[Records provided Boundary: Start]

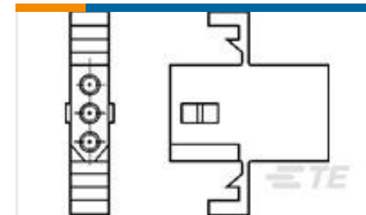
TE Part #770326-1 03P .062 COMM P&S RECPT
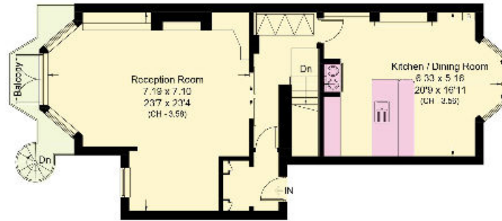
Ground Floor Approximate Area 88.9 sq m / 957 sq ft Including Limited Use Area (0.6 sq m / 6 sq ft)
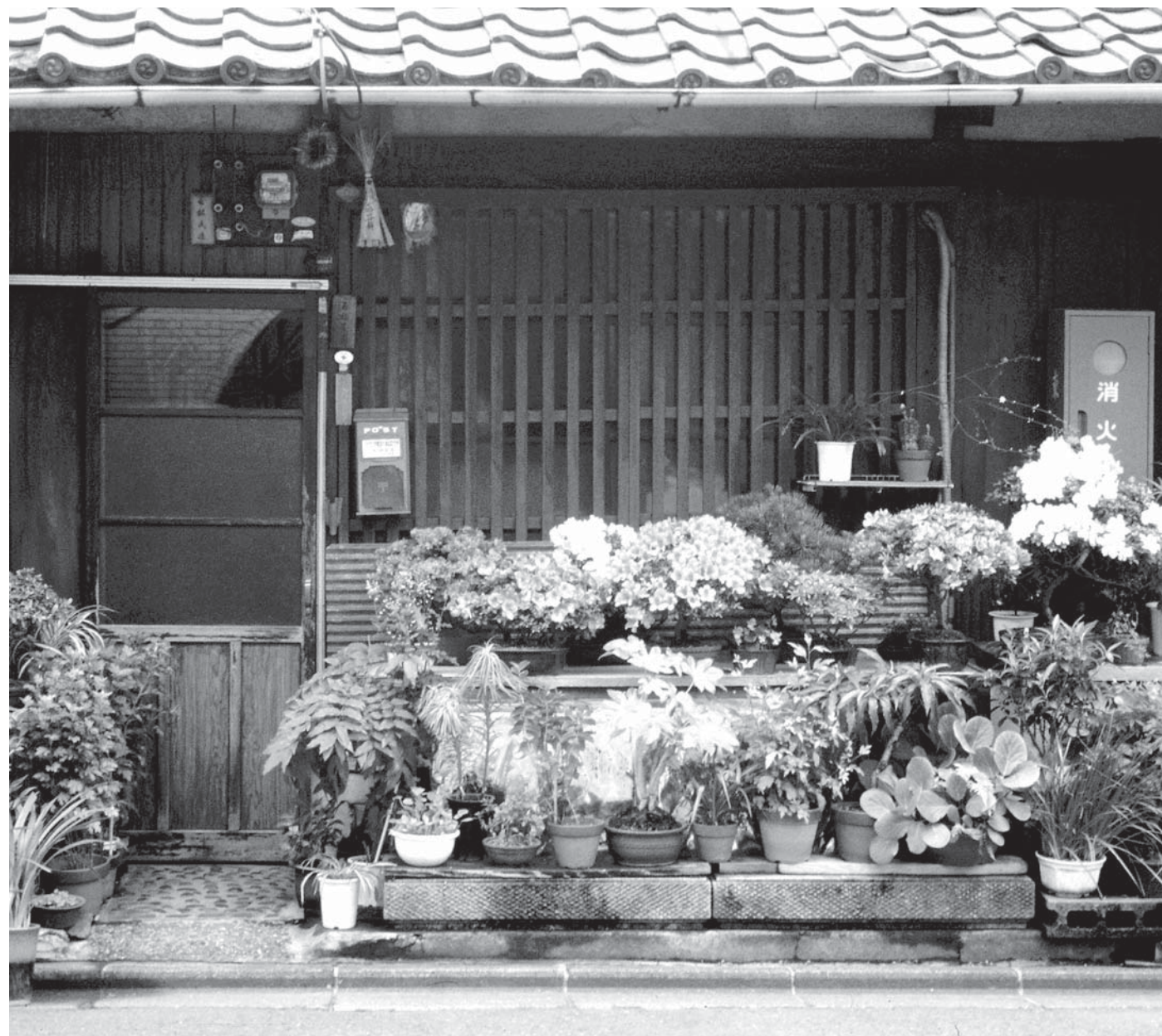
Typisk Nishijin-facade. I machinami-kvarterernes snævre gader bar den smalle zone mellem bus og gade ofte et næsten dagligstueagtigt præg
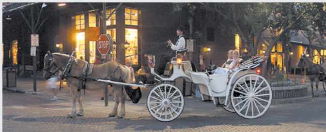
Omaha's Old Market entertainment district

Contact: Bill Slovinski bslovinski@visitomaha.com (402) 444-1760
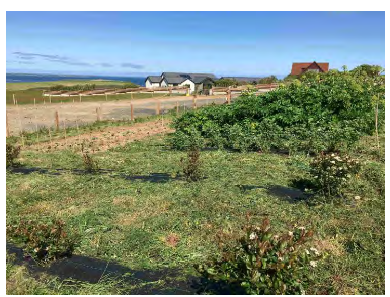
Botanicals garden established for Orkney Distilling Ltd by the Agronomy Institute. Plants in the foreground and background are aronia and angelica, respectively.

As a research centre within UHI, it is particularly appropriate that the benefits of AI activities are spread over the Highlands and Islands. In addition to the Institute's strong Orkney links, recent collaborations with commercial organisations in Shetland (Shetland Livestock Marketing Group and Valhalla Brewery), Islay (Bruichladdich Distillery), Arran (Isle of Arran Distillers) and Raasay (R&B Distillers Ltd) demonstrate that the Institute's activities impact on diverse parts of the region. Collaborations between the AI and other research centres (e.g. the James Hutton Institute, the Rowett Institute and Forestry Commission Scotland) help these organisations deliver research projects benefiting remoter parts of the Highlands and Islands.
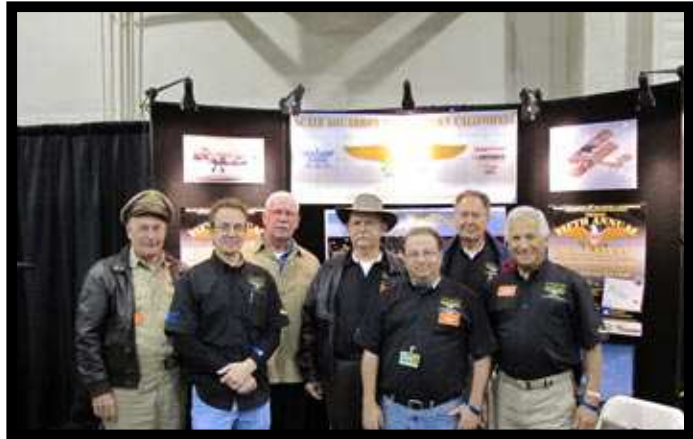
RCX Sunday Crew

But a static display, even a beautiful one, can be pretty boring if it's not interactive. This is where the Squadron really shined, bringing our passion for Scale Aviation to life. The volunteers (all donning either our now "staple" black
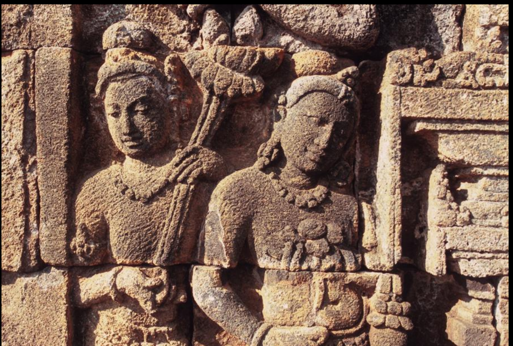
08 Scene from the Lalitvistara, 8th-9th century relief, Borobudur Stupa, Indonesia
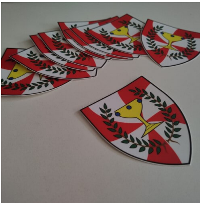
Barony of Rising Waters Heraldry in the form of a 3 inch sticker

As you know, due to inflation, the cost for shipping was bumped up to $15. During our last update we promised that we'd be bringing some fun stickers to the shop soon and did we deliver! Check out our new awesome merch and snag yourself some Rising Waters stickers as well as our Rainbow Pride Devices to show your support! There are discounts for purchasing in groups of 2!
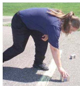
St. Paul Park, Minnesota
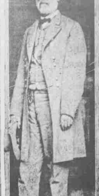
General Lee During the War.

Flour market is gaining in activity but no change in price is 51 thold Indian reservation. North Danounced. In the meantime millers kota. The applicants, with the exare watching the wheat market with ception of war veterans, must register in person at either Minot, Bis-marck or Plaza, N. Dak.
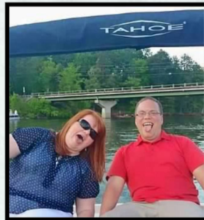
On the boat
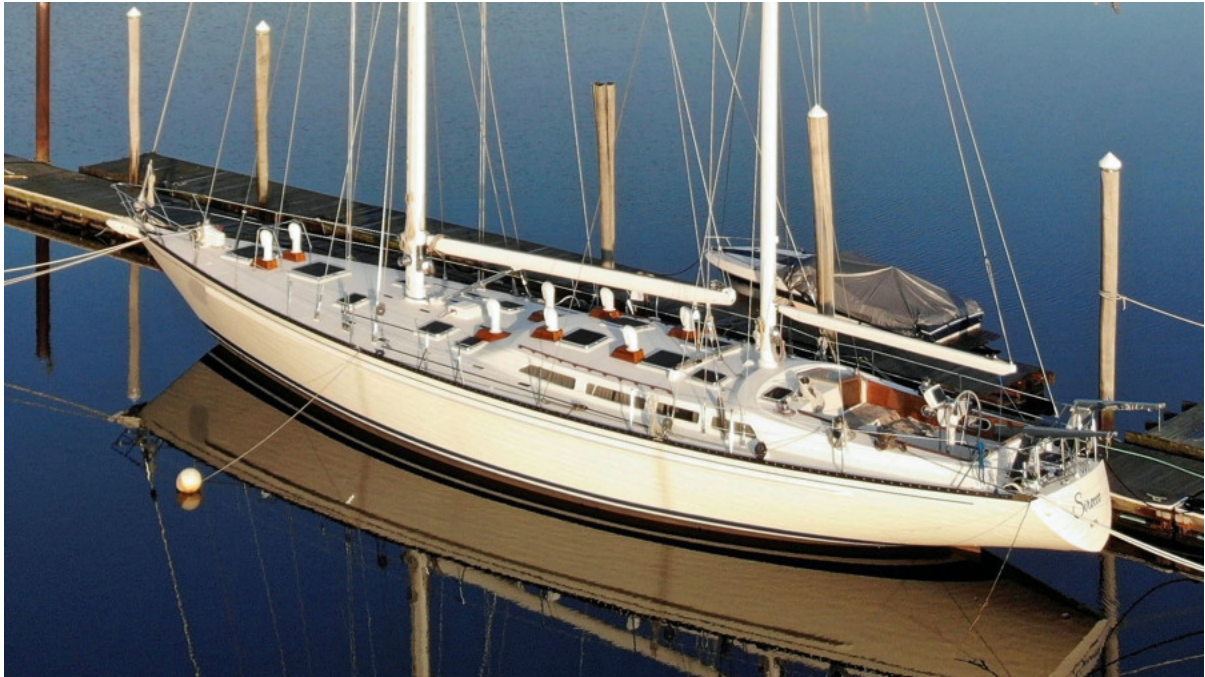
SIROCCO Alden/Palmer Johnson 78
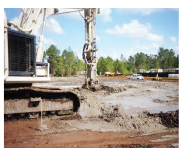
Large augers inject and mix binding agent with contaminated soil.

additives The used in solidification and stabilization often are materials used in construction and other When properly activities. handled, these materials do not pose a threat to workers or your community. Water or foam can be sprayed on the ground to make sure that dust and contaminants are not released to the air during excavation or mixing. If necessary, the waste can be mixed inside tanks, or the mixing area can be covered
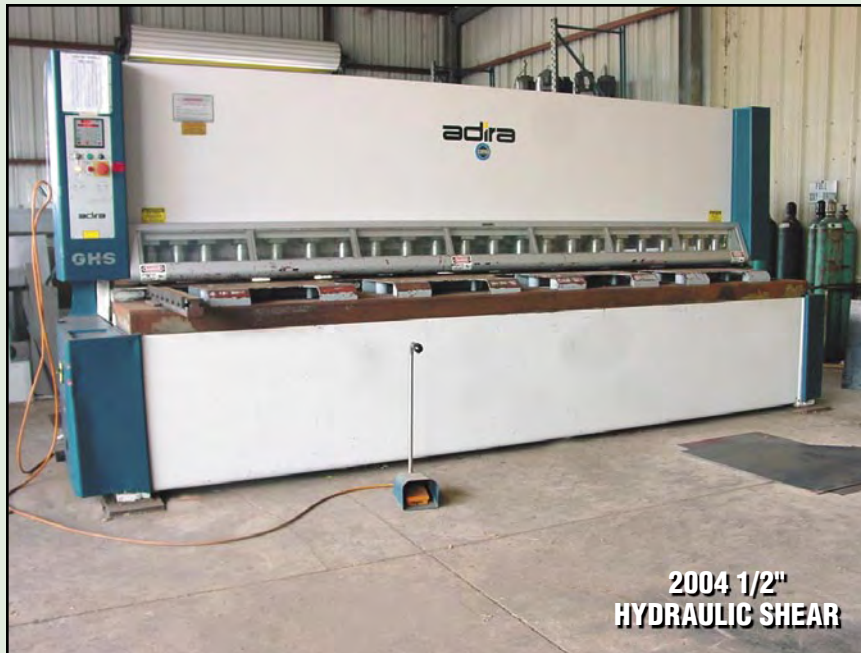
2004 1/2" HYDRAULIC SHEAR ADIRA MDL. GHS-1350 1/2" X 13' HYDRAULIC POWER SQUARING SHEAR
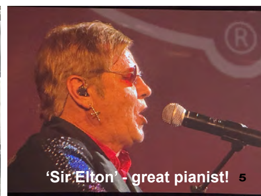
'Sir Elton' - great pianist! 5
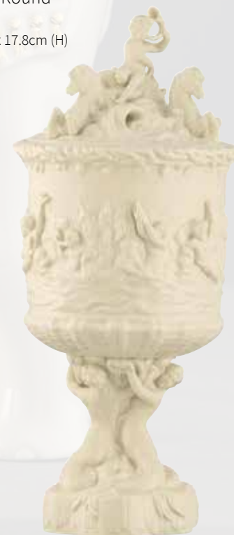
0647 Prince of Wales Icepail 20.3cm (W) x 49.8cm (H)
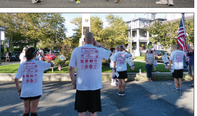
The opening ceremony was held at Sunset Beach, top. Its first stop was in Cape May, above.
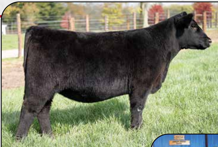
Full sib to Lot 43 Shown by the Lanum Family

The Maines are hotter than they ever been & with limited semen production the TJSC End Games are even more rare. Her 3 full sibs have averaged over 10K & Rylie Lanums was Reserve AOB at the 2024 Hoosier Beef Congress. A full sib bull was sold at the top of 2024 OBE Sale.
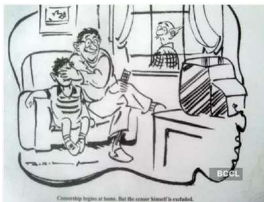
Censorship begins at home, censor himself is excluded !
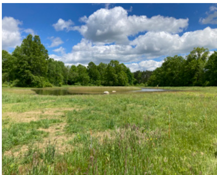
The New Wetland
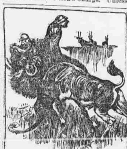
FATAL TO BOTH

"African hunters have often seen antelopes grazing in full sight of a lion and making no effort to get away, knowing that their flight would be swifter than the lion's charge. Unless
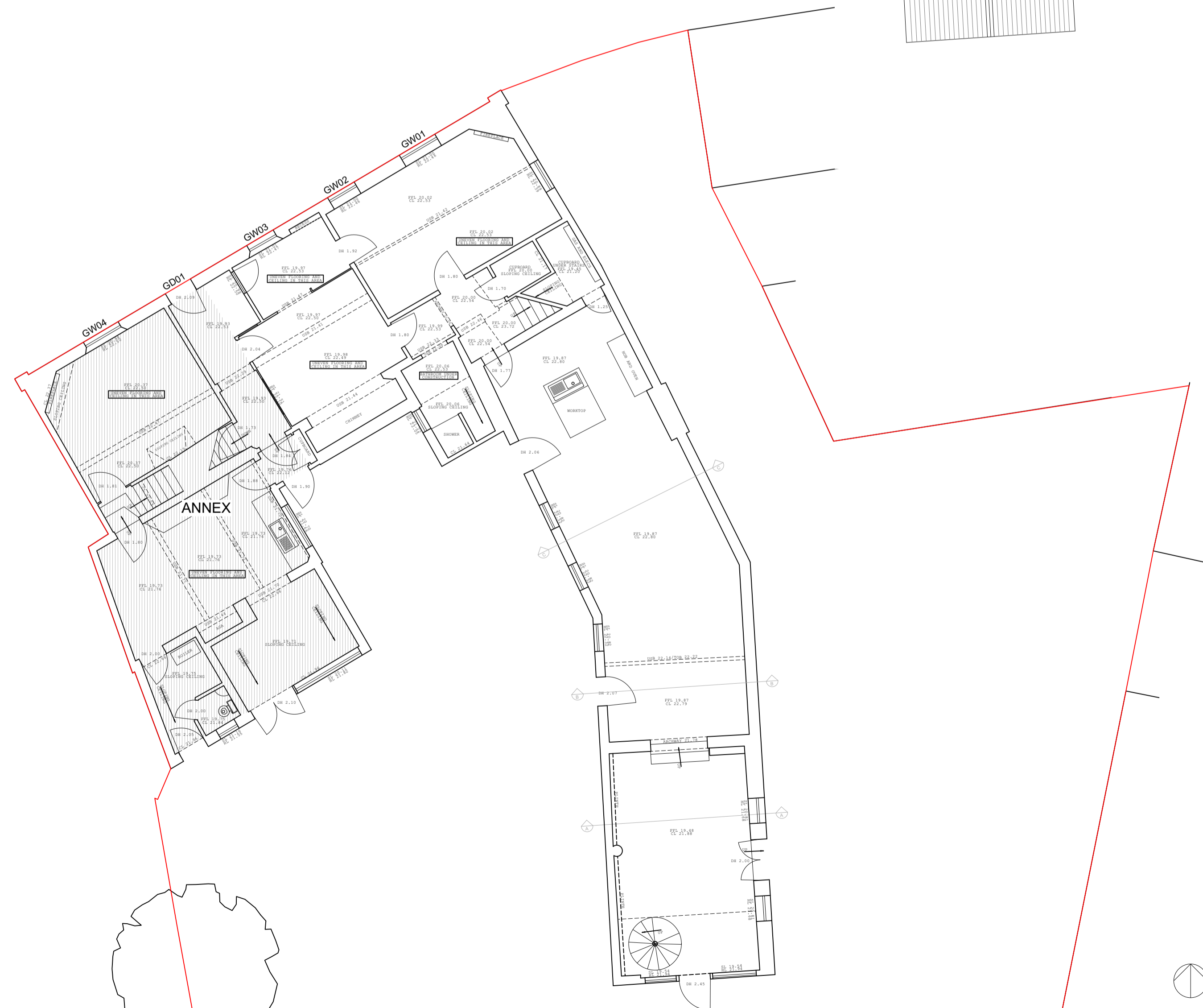
Existing ground floor plan
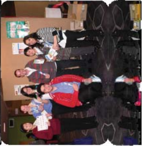
Dental Health Week 2010
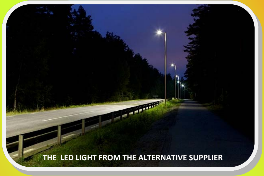
THE LED LIGHT FROM THE ALTERNATIVE SUPPLIER

Contact us for a free site survey with one of our technical team who will provide you with a full assessment of your current lighting and a calculation of return investment to enable you to make these cost-effective improvements. Give us a call now on 01258 858171 and we can arrange for an adviser to get in touch.
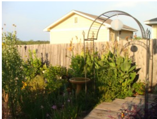
Canas & Citrus Trees along the fence.
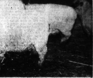
Spring, are being used as the flock tended by the sheep in the annual scene displayed in front of the church. So far they haven't miscalculated, but have repeated their lines perfectly.—Harris.
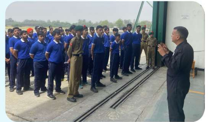
VISIT TO AVIATION AIR BASE, PATIALA (19 APRIL 2025)

[Records provided Boundary: End]

Set down word for word every line from the line containing "The New Wetland" through the last line of the entries, and nothing more; no pictures.

The New Wetland
FATAL TO BOTH

"African hunters have often seen antelopes grazing in full sight of a lion and making no effort to get away, knowing that their flight would be swifter than the lion's charge. Unless
Existing ground floor plan
Dental Health Week 2010
THE LED LIGHT FROM THE ALTERNATIVE SUPPLIER

Contact us for a free site survey with one of our technical team who will provide you with a full assessment of your current lighting and a calculation of return investment to enable you to make these cost-effective improvements. Give us a call now on 01258 858171 and we can arrange for an adviser to get in touch.
Canas & Citrus Trees along the fence.
Spring, are being used as the flock tended by the sheep in the annual scene displayed in front of the church. So far they haven't miscalculated, but have repeated their lines perfectly.—Harris.
VISIT TO AVIATION AIR BASE, PATIALA (19 APRIL 2025)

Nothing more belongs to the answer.